These two phrases joined to make a sentence don't seem to jive. unsure.gif

I don't have the same devotional background that most of you do (I have never lived in a temple or been a member of any organization) so I am not familiar with this usage of the word "surrender" although I have realized the word is a bit of a turn off for some people even when used in the context I mentioned, which is very unfortunate.
Satyabhama
QUOTE
"do big or don't come back" -semi-serious sankirtan leader pep talk


I am so lost here! What does it mean? Like dance and sing "real big" or don't come back?

Or do you mean something else by samkeerthana? ohmy.gif .....

QUOTE
the pick!
??

I hope you don't mind explaining to one such as myself- ignorant in these matters. huh.gif
Satyabhama
QUOTE
I always thougt of 'the pick' as being derived from going out to 'pick' peoples pockets  ! And that was what it amounted to most of the time .


Whaaaa? huh.gif Since when does Hari samkeerthana have anything to do with... I mean, if somebody's going to collect donations, that is OK, but you can't call that "sankeerthana!" blink.gif
Preyobrazhenya
QUOTE (Satyabhama @ Mar 2 2005, 06:38 PM)
I am so lost here!  What does it mean?  Like dance and sing "real big" or don't come back?

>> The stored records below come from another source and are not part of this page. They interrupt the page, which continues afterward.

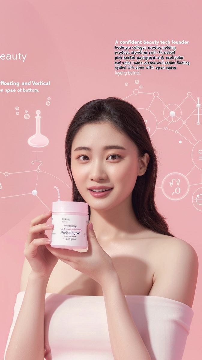 Создано на основе запроса: "A confident Korean beauty tech founder holding a collagen product, standing in a soft-lit pastel pink background
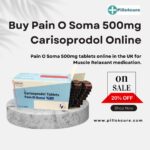 Buy Pain O Soma 500mg (Carisoprodol) online from pills4cure, a trusted source for muscle relaxant medication in the UK. These tablets are designed to help relieve muscle pain, muscle stiffness, and muscle discomfort associated with musculoskeletal conditions. Convenient online ordering makes it easy to get authentic Pain O Soma 500mg delivered safely to your doorstep. Currently, the product is on sale with a 20% discount, making it an affordable option for effective pain management. Shop now at pills4cure and experience fast, reliable relief from muscle pain.
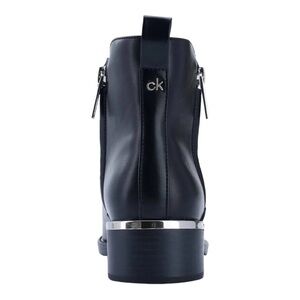 The Calvin Klein deniece is a classic ankle boot with a logo embossed side zipper. The iconic silhouette is perfect for everyday with the sleek almond toe and low block heel. Founded in New York in 1968, Calvin Klein elevates everyday essentials to globally iconic status.
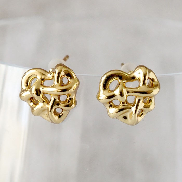 金属アレルギー対応 【225. ニュアンス ハート メッシュ スタッドピアス 1ペア】 ステンレス ピアス ポストY2K 変形 ゴ...
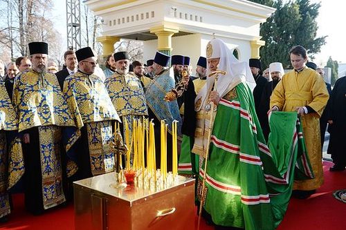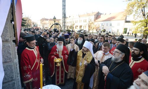 По благословению Святейшего Патриарха Кирилла освящение мемориальной доски возглавил председатель Отдела внешних церковных связей Московского Патриархата митрополит Волоколамский Иларион, почетный член Императорского Православного Палестинского Общества. В церемонии также приняли участие архиепископ Женевский и Западно-Европейский Михаил, епископы Сербской Православной Церкви Зворничко-Тузланский Хризостом и Сремский Василий, настоятель Подворья Русской Православной Церкви в Белграде протоиерей Виталий Тарасьев и секретарь Отдела внешних церковных связей Московского Патриархата по межправославным отношениям протоиерей Игорь Якимчук.
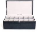 Tie Case Elegant and premium collection of watch boxes to display and keep your watches, jewellery, etc safe and dust free. Soft pillows inside for every size watch., High Quality Leatherette used with good finishing. Lined with a luxury velvet and secured with metal clip lock. High quality Classic 12 Slot watch box Designed to keep your watches and jewellery safe and dirt-free., 12 compartments inside which helps to fit every size watch. The watches can be kept comfortably and it fits nicely. Perfectly designed to accommodate jewellery, bracelets, pocket squares, etc., A great watch box plus drawer for gifting as well. A perfect and useful gift for others. This portable watch box is a high-end product that will last you throughout the years., Beautifully handcrafted in INDIA.
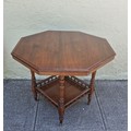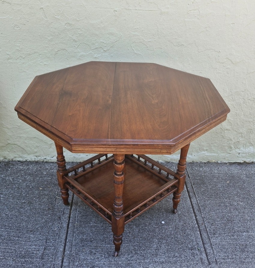 A 1800s walnut octagonal occasional table with a gallery shelf, bearing the stamp
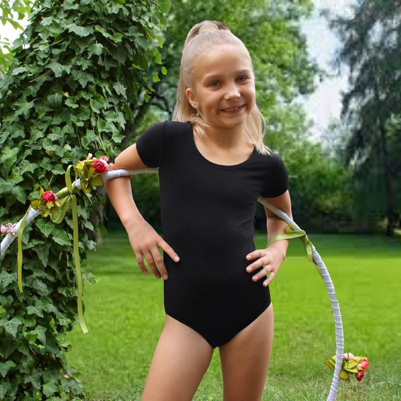 Купальник дитячий для гімнастики чи танців чорний боді на короткий рукав, без спідниці , в...
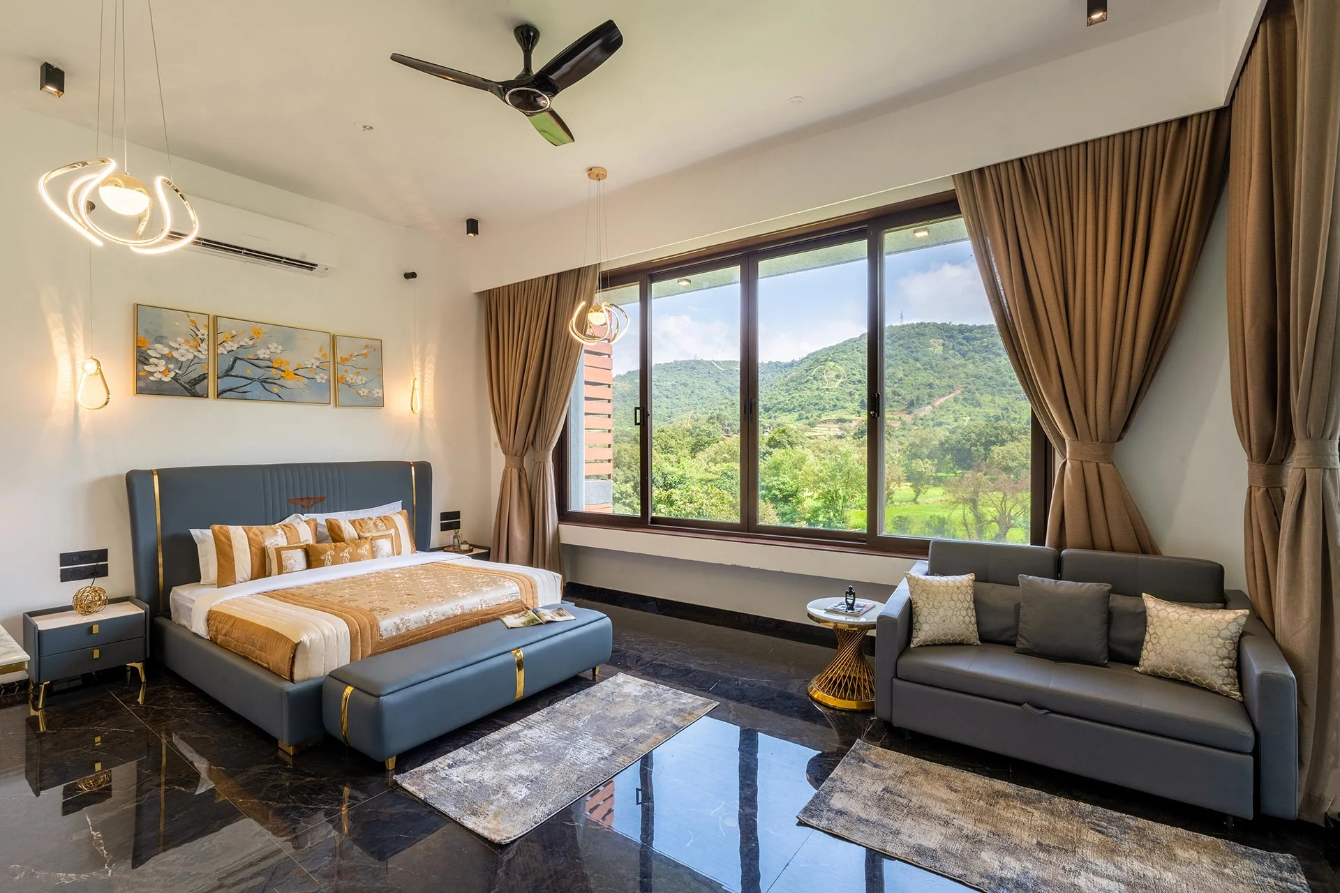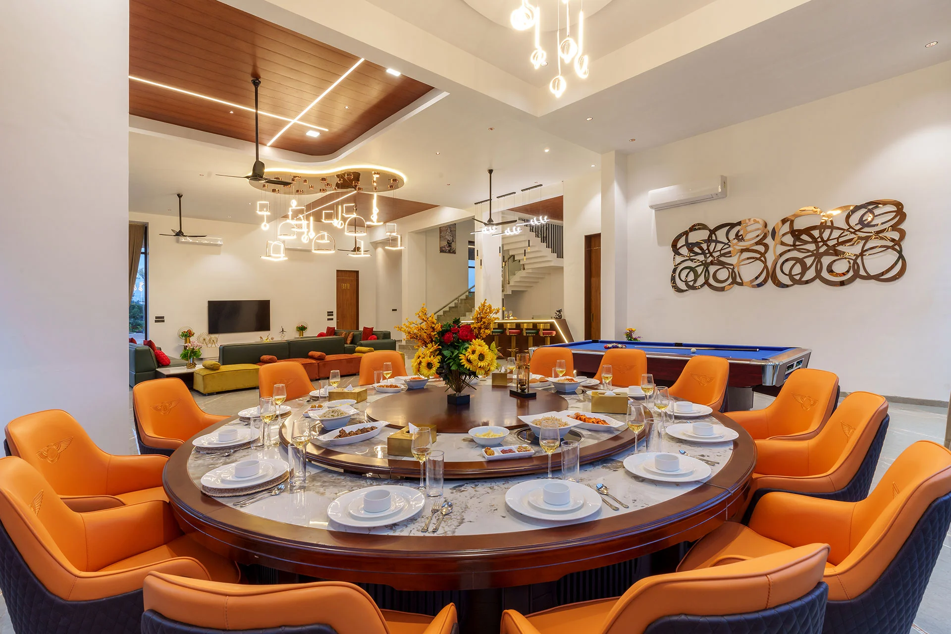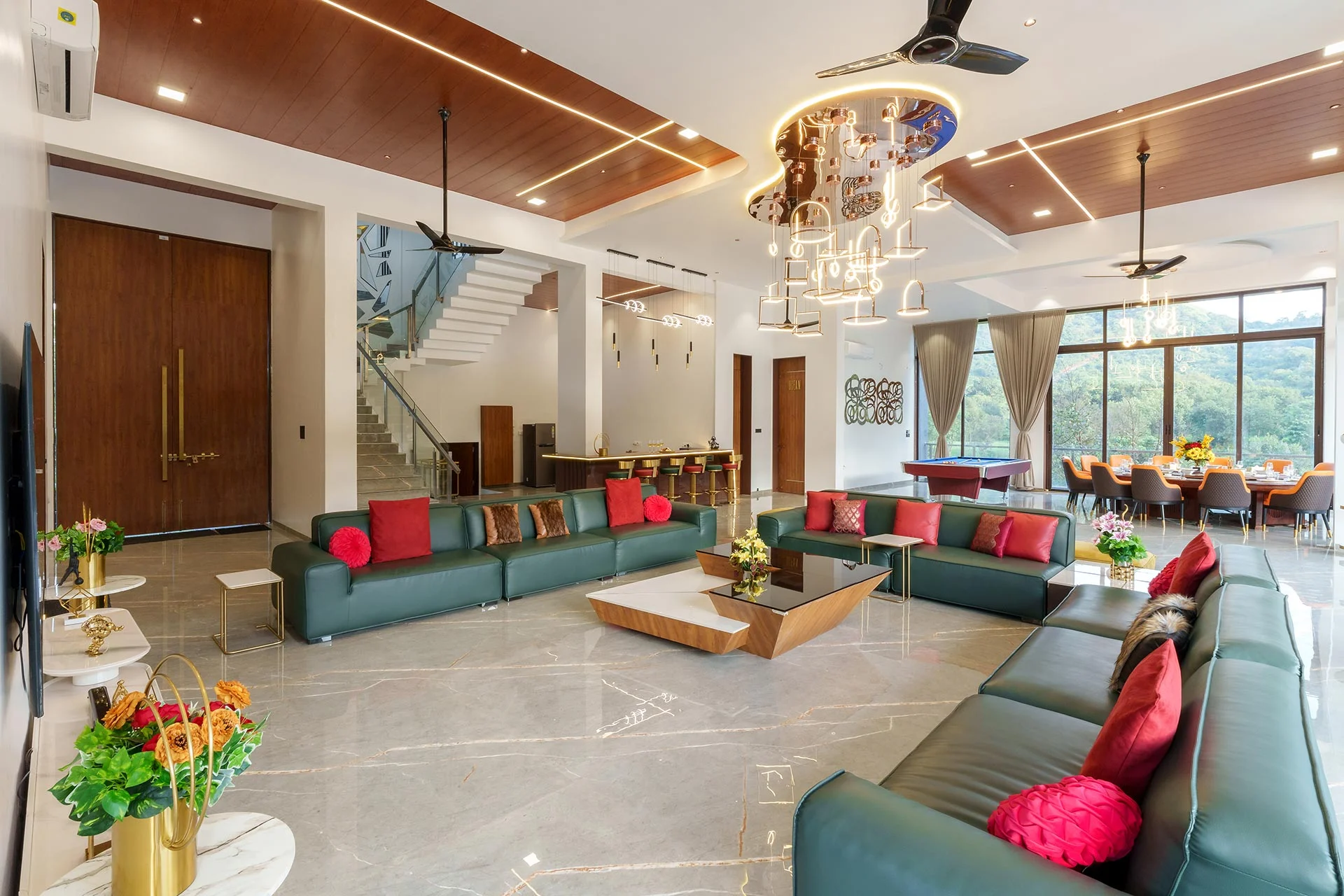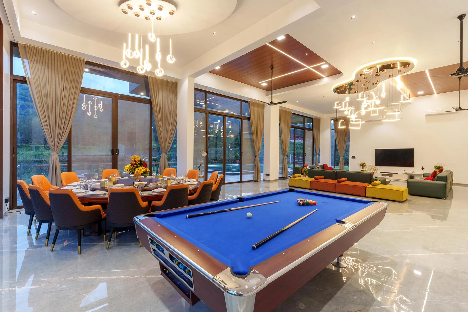 The villa has a range of outdoor games for those with a competitive nature; lawn tennis, badminton, and volleyball are waiting for your energetic side. Head to one of the twelve opulent bedrooms as the sun sets and soak in the opulent bathtubs. But if your adventurous soul craves more, Lonavala’s charming attractions are just a short drive away, promising an enchanting blend of exploration and relaxation.

Or do you mean something else by samkeerthana?  ohmy.gif .....

??

I hope you don't mind explaining to one such as myself- ignorant in these matters.  huh.gif
*


Supposedly "the pick" was where you went out and pinned stickers or pins on people and tried to collect money. Often the pins or stickers had something not really KC like "ET phone home" or the name of a rock band. In Boston they used to go to rock concerts and collect in the concert and in the parking lot. The only KC sticker they had was a Jagganatha sticker that was popular at Grateful Dead concerts.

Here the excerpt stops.